Assigned task: Instruction for the entries below: return the part that opens with the line containing "为了增加新春节日气氛,丰富广" and closes with the line containing "Die drei Schrauben", exactly, and no pictures.

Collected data
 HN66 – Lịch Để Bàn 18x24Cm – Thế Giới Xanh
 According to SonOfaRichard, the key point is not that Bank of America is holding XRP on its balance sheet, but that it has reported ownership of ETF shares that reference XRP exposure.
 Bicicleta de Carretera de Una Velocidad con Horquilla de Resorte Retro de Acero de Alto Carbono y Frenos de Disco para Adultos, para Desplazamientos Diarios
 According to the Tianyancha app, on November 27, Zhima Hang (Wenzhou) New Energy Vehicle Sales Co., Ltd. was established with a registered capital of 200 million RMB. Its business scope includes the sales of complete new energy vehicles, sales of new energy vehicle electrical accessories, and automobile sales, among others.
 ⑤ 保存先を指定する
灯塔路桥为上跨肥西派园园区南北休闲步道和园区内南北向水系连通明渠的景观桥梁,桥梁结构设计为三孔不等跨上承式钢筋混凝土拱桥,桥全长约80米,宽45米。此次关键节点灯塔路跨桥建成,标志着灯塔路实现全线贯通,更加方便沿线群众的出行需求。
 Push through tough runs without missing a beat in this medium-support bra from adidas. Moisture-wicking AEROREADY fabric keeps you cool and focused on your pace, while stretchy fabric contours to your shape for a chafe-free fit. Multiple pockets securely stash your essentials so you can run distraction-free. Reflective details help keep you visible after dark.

--

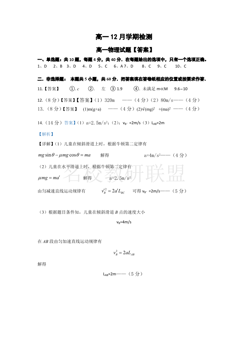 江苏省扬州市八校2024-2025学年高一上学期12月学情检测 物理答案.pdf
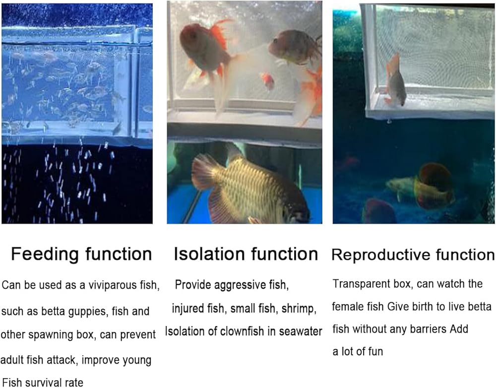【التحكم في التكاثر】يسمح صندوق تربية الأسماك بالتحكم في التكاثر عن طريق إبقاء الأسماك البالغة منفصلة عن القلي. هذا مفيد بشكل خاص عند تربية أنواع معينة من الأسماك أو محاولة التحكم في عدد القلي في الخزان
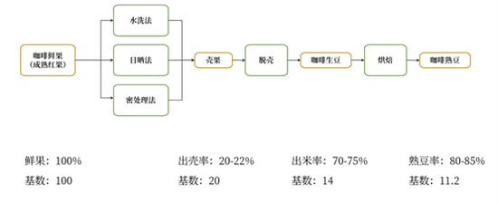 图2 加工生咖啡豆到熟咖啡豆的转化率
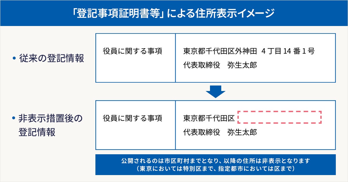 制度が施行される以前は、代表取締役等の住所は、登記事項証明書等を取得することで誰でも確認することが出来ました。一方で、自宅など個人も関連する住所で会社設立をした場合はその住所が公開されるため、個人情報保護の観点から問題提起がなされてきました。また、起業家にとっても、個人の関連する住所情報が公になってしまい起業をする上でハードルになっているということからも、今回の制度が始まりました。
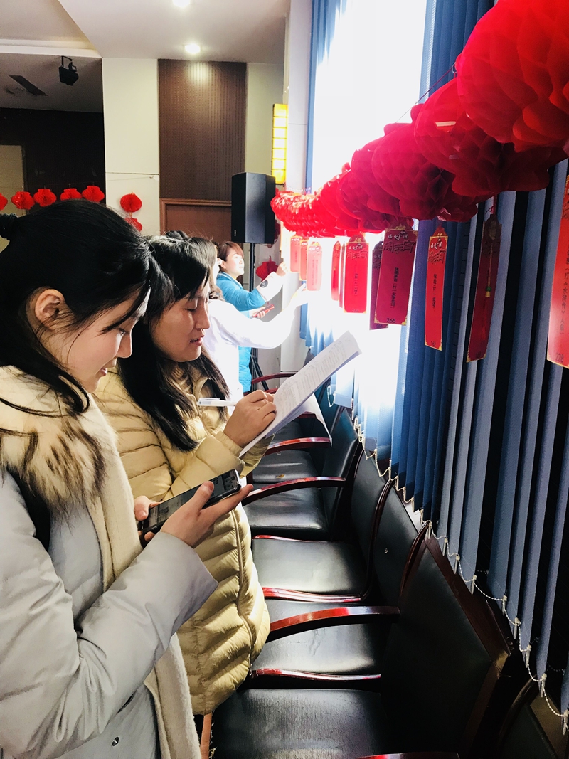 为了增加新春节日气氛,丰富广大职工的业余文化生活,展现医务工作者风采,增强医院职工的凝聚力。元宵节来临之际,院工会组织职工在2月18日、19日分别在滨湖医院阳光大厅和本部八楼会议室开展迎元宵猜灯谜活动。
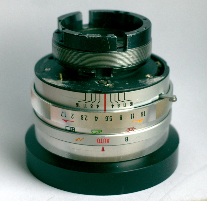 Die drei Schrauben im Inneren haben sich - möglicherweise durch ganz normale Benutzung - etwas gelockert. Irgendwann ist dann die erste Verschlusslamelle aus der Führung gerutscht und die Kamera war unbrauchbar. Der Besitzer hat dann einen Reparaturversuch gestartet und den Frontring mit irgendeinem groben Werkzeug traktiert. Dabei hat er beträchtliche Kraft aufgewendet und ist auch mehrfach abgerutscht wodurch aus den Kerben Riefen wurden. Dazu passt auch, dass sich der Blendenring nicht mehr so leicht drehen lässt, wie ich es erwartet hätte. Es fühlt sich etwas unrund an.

Your solution:
 为了增加新春节日气氛,丰富广大职工的业余文化生活,展现医务工作者风采,增强医院职工的凝聚力。元宵节来临之际,院工会组织职工在2月18日、19日分别在滨湖医院阳光大厅和本部八楼会议室开展迎元宵猜灯谜活动。
 Die drei Schrauben im Inneren haben sich - möglicherweise durch ganz normale Benutzung - etwas gelockert. Irgendwann ist dann die erste Verschlusslamelle aus der Führung gerutscht und die Kamera war unbrauchbar. Der Besitzer hat dann einen Reparaturversuch gestartet und den Frontring mit irgendeinem groben Werkzeug traktiert. Dabei hat er beträchtliche Kraft aufgewendet und ist auch mehrfach abgerutscht wodurch aus den Kerben Riefen wurden. Dazu passt auch, dass sich der Blendenring nicht mehr so leicht drehen lässt, wie ich es erwartet hätte. Es fühlt sich etwas unrund an.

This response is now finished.